CC Robinson
The Truth of Slavery in the world of Divided
Updated: Aug 23
I know one of the biggest questions I’m going to get is why bring slavery back into the picture in the series of Divided? Why be so harsh? Surely, we’ve come further than this as a society and won’t fall back into human beings owning other human beings?

While I really love the heart behind all those questions, I can’t help but look at our society, especially in the year 2021, and realize that maybe we haven’t come as far as we think. Yet, in those days, I heard the hatred, fear, and prejudice that calls their hearts home. Political lines and lines of ideology have divided the US even more than ethnic lines. We, as a society, have not learned how to play well in the sandbox with each other. Nor have we learned how to argue honorably and to disagree without becoming disagreeable.

Have you ever been driving in your city and realized, “Wow, I’m in a different neighborhood”? In my hometown, neighborhoods can switch at a corner. When we were moving up here from Nashville, we were told, “don’t live south of here” or “stay away from such-and-so” road.
Why is that?
People have this unfortunate tendency to want to live in an area that’s comfortable for them socially and culturally. As a result, we live around people who “resemble” us in key ways - socio-economic, educational status, ethnicity, or political ideas. We insulate ourselves from opinions or ideas or people that may threaten our own sense of psychological security. I do it, you probably do it. We all do it to some degree.

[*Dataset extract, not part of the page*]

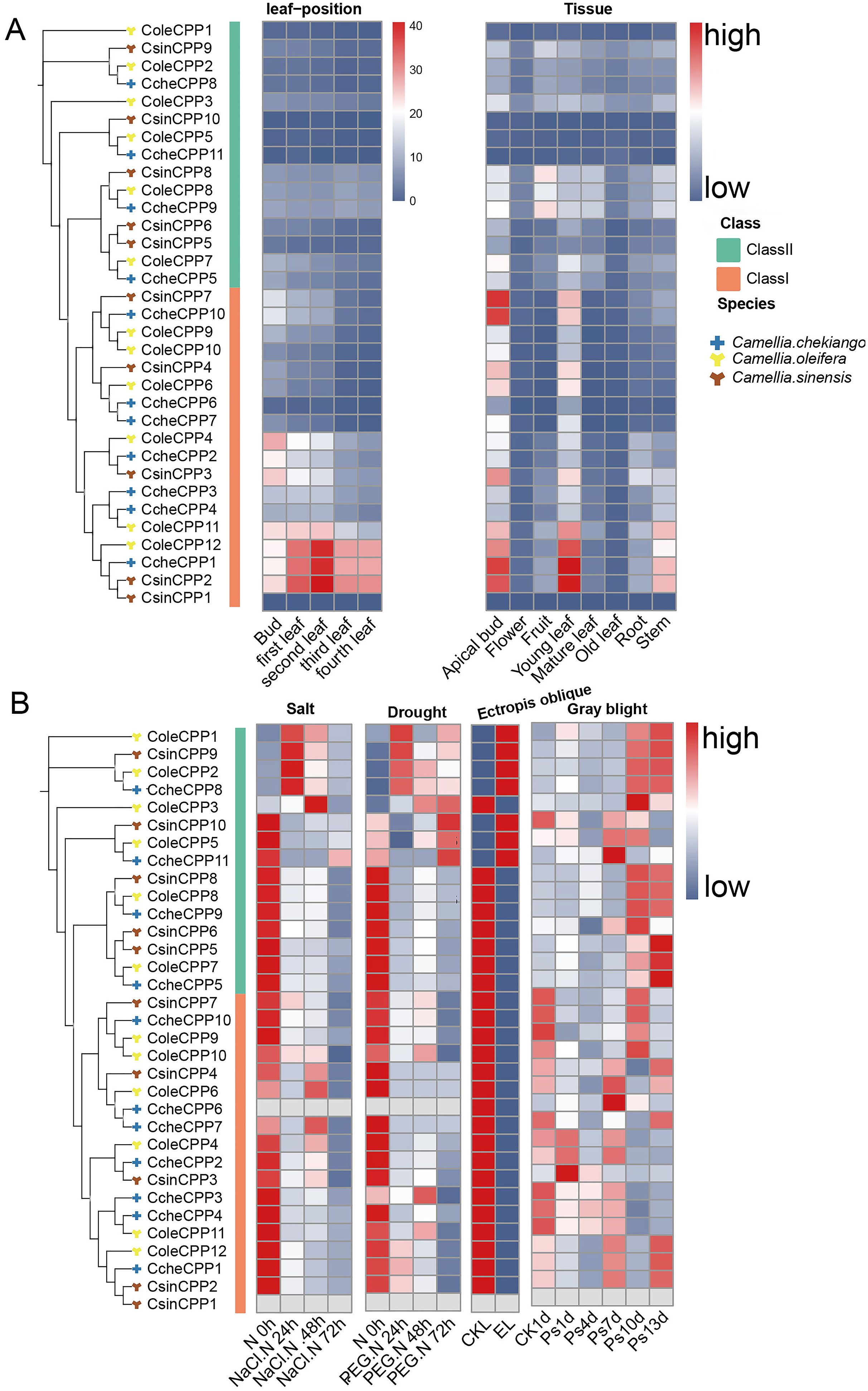 Figure 8. Expression of CPP genes in under different tissues and stresses treatment in three Theaceae plants. The left side features an evolutionary tree, while the right side displays an expression heatmap. Genes designated with Cole prefix correspond to C. oleifera, Cche is C. chekiangoleos, Csin is C. sinensis. (A) for different tissues and (B) for different stress treatment.

If you supported one political candidate in this last election, how shocked were you to realize one of your close neighbors supported the "other" side, whichever side that might be? Did it make you question how they could see the world that way?
I watched this very situation play out over social media and in town hall discussions for months, from people who under other circumstances were boringly “normal”. Yet, in those days, I heard the hatred, fear, and prejudice that calls their hearts home. And this darkness, left unchecked, is what leads one person to control the actions and life of another. And the logical end of the need to control is oppression and enslavement.

It is for those reasons that I brought slavery back into the picture for our nation, though with two critical changes. First, the dictatorship enslaves all ethnicities in the world of Divided. Second, the enslaved people closely resemble political prisoners and state enemies in modern-day work camps in North Korea, rather than the African slaves in our own nations' past. I made this distinction, as I felt a cruel, narcissistic dictator would never allow another person to hold concentrated power within his realm. He would want to be the one with all the power.

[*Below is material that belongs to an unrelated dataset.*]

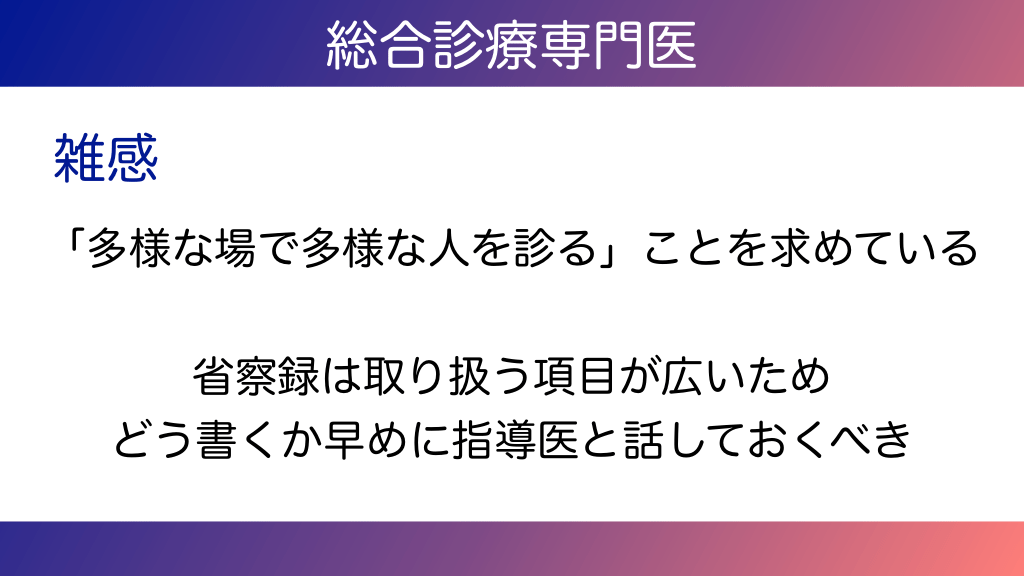 #13. 総合診療専門医 雑感 「多様な場で多様な人を診る」ことを求めている 省察録は取り扱う項目が広いため どう書くか早めに指導医と話しておくべき

Those differences notwithstanding, the hatred in our hearts, if taken to its logical conclusion, leads us right back into the days of slavery. And the hatred today goes beyond just targeting one ethnicity or another, though that certainly exists. Putting our nation into the hands of a narcissistic, formerly criminal dictator like I do in the first book of my series opens the door for that person to use their power to keep others in check. For this reason, the Supreme Commander Martin enslaved his political opponents, rather than executing or imprisoning them.
We have the seeds of Divided in our current culture today. At some times, I wonder if we have maybe more than the seeds, if perhaps foot-tall weeds have grown and are ready to spawn more weeds when a good wind blows.

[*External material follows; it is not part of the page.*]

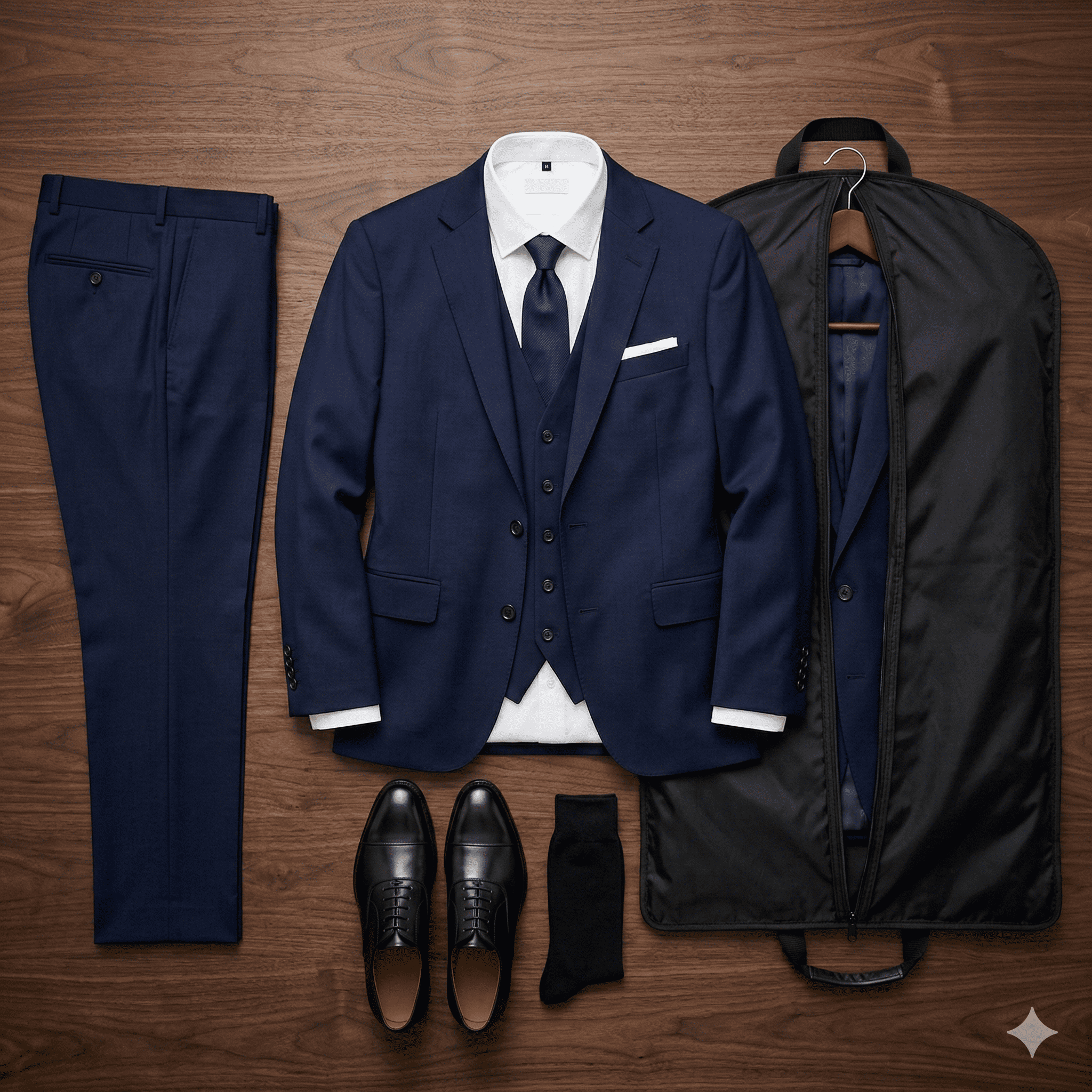 Accesorios adicionales como reloj, pañuelo, cartera, etc. pueden realzar aún más el atuendo.

And unless we do something soon to change our trajectory, we’ll end up captive as a society to the oppression that lives inside our hearts. My use of slavery in a book centered on ethnic reconciliation and fixing societal divisions is an intentional wake-up call.
Are you willing to face the darkness inside your heart today? As hard as it has been for me, I know we all must, or we'll becomes slaves to that darkness in reality.